然而,当诸如晶体管的集成电路元件的尺寸缩小时,不可避免地损害了它们的恒定材料特性和物理效应,从一定程度上降低了这些元件的性能。因此,已经对晶体管的设计进行了很多新的创新,以便把这些元件的性能保持到合适的水平。
场效应晶体管(FET)中保持性能的重要因素为载流子迁移率,在通过非常簿的栅介质层来与沟道隔离的栅极上施加电压的情况下,载流子迁移率可以影响掺杂半导体沟道中流动的电流或电荷量。
已经知道,根据载流子的类型和应力方向,FET的沟道区中的机械应力可以显著地提高或降低载流子的迁移率。在FET中,拉应力能够提高电子迁移率,降低空穴迁移率,可以显著提高NMOS的性能;而压应力可以提高空穴的迁移率,降低电子迁移率,可以有力地提高PMOS的性能。现有技术中已经提出了大量的结构和材料的改进,以用于在半导体材料中引入拉应力和压应力,例如在US2006/0160307中,就提出了一种在MOSFET器件上通过沉积应力层,并选择性地刻蚀全部或部分栅极层,来提高沟道中的载流子迁移率的方案。
然而,现有技术通常通过单独的应力层或者应力界面来改变载流子的迁移率,这将不利于器件尺寸的持续缩小,并且导致复杂的制造工艺。而且随着目前半导体器件尺寸的减小,相应的沟道区域也随之减小。因此,当应力材料膨胀时,对于施加在沟道区域两侧的源极区和漏极区应力材料,其相应增加的应力非常有限。从而不能够很好的改善MOSFET晶体管,尤其是N-FET晶体管的性能,这样,其对应构成的CMOS电路的性能也相应地较差。因此,需要提供一种新的半导体器件的制造方法,能够使得在不适用单独的应力层的情况下,提高NMOS器件的沟道区的载流子迁移率,降低器件的尺寸并简化工艺。
发明内容
本发明的目的是提供一种NMOS晶体管的制造方法,以在不增加单独的应力层的情况下增强N沟道应力。

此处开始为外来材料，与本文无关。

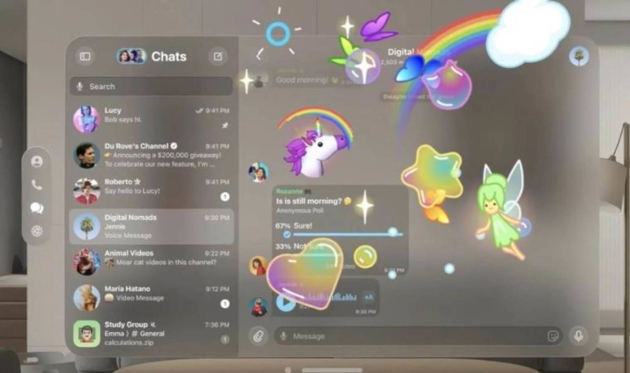Telegram CEO'su Pavel Durov'un paylaştığı tanıtım filminde, uygulamanın nasıl görüneceği ve temelde neler yapılabileceği gösteriliyor. VisionOS ile AR çıkartmaları ve konuşmalar çok daha iyi görünecek.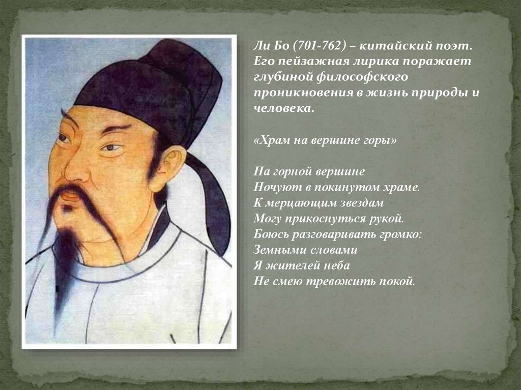 Ли Бо (701-762) – китайский поэт.Его пейзажная лирика поражает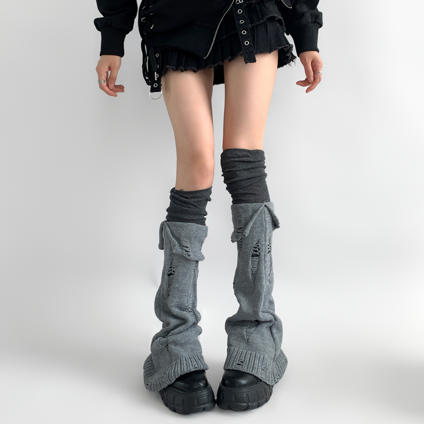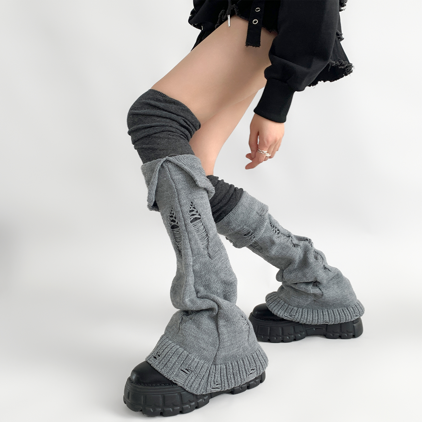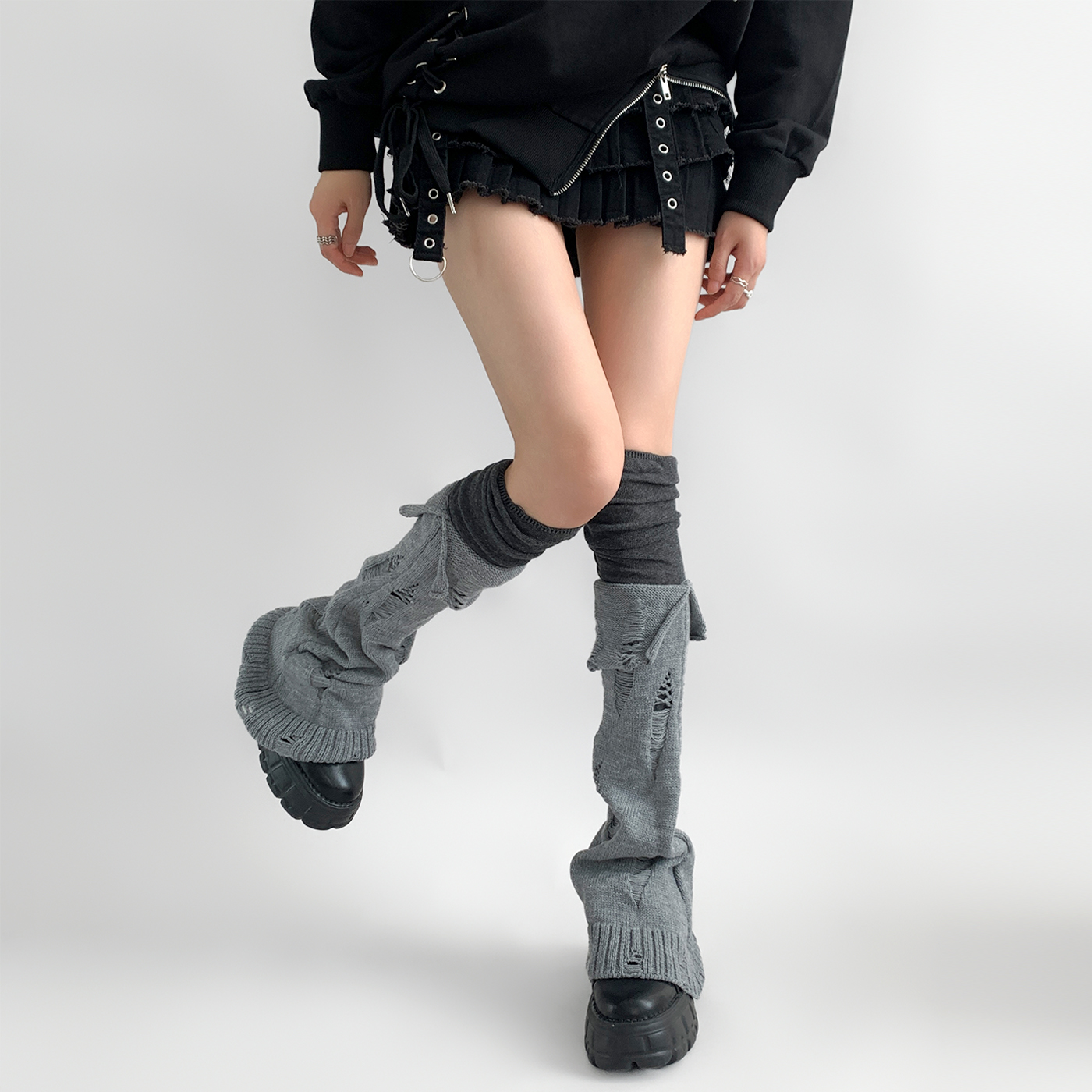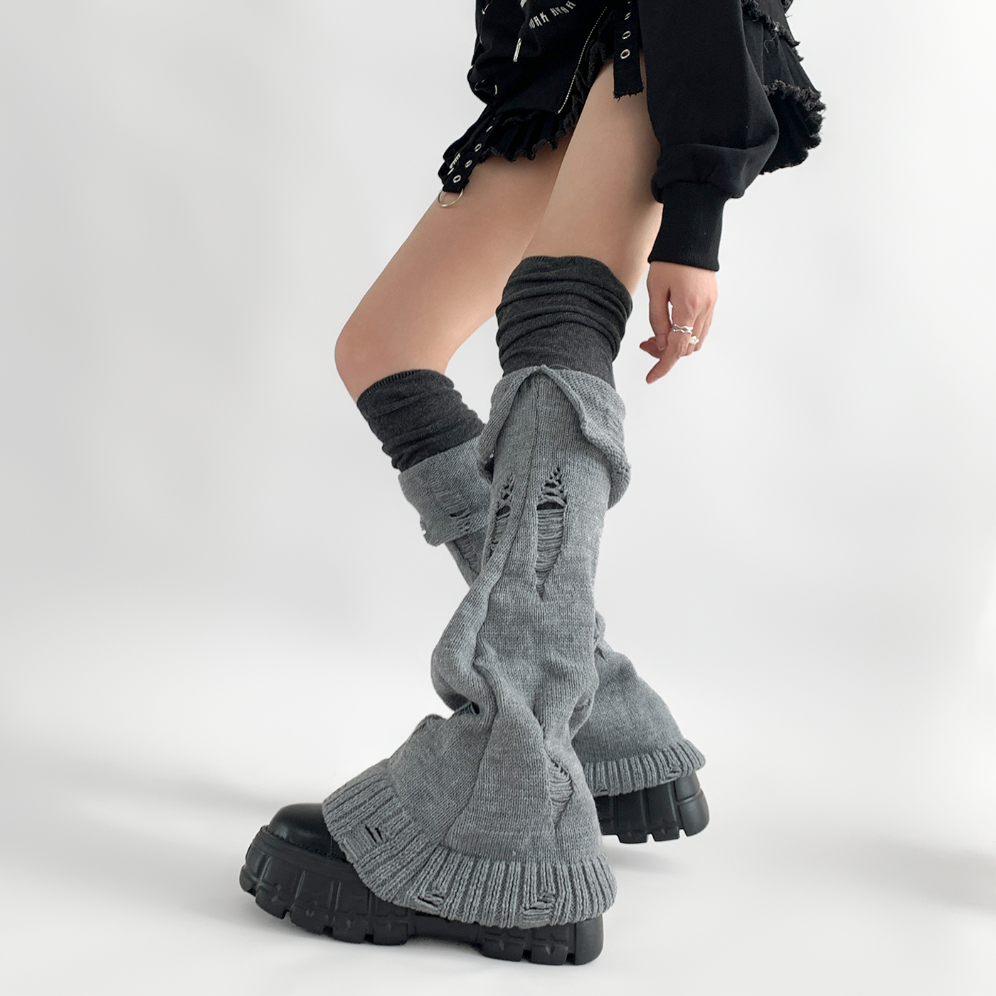 | 服裝款式細節 | 個性曡穿長筒破洞堆堆襪套 |

本发明的技术解决方案是一种NMOS晶体管的制造方法,包括以下步骤:
提供半导体衬底,所述半导体衬底上具有包括栅介质层和伪栅极层的栅堆叠,所述伪栅极层包括至少两层不同材料;
在栅堆叠两侧的半导体衬底中掺杂N型离子,形成源极轻掺杂区和漏极轻掺杂区;
在栅堆叠侧壁上形成侧墙;
在源极区、漏极区选择性外延SiC层;
在栅堆叠两侧的半导体衬底中掺杂N型离子,形成源极重掺杂区和漏极重掺杂区;
移除所述伪栅极层。
作为优选:在形成源极重掺杂区和漏极重掺杂区后,还包括在半导体衬底上沉积层间介质层并通过化学机械抛光暴露出所述伪栅极层表面。
作为优选:在移除所述伪栅极层后,还包括在栅介质层上形成金属连接层。
作为优选:所述伪栅极层包括单层的单晶硅或多晶硅和至少一层SiC,所述单层的单晶硅或多晶硅的厚度为5nm-30nm,所述至少一层SiC的厚度为10nm-90nm,所述至少一层SiC中C的含量为0.1%-10%。
作为优选:所述伪栅极层包括多层SiC,且各层SiC中的C含量为相同值或呈梯度值。
作为优选:所述选择性外延SiC层的工艺条件包括:温度为500℃-1000℃,压强为1T-500T。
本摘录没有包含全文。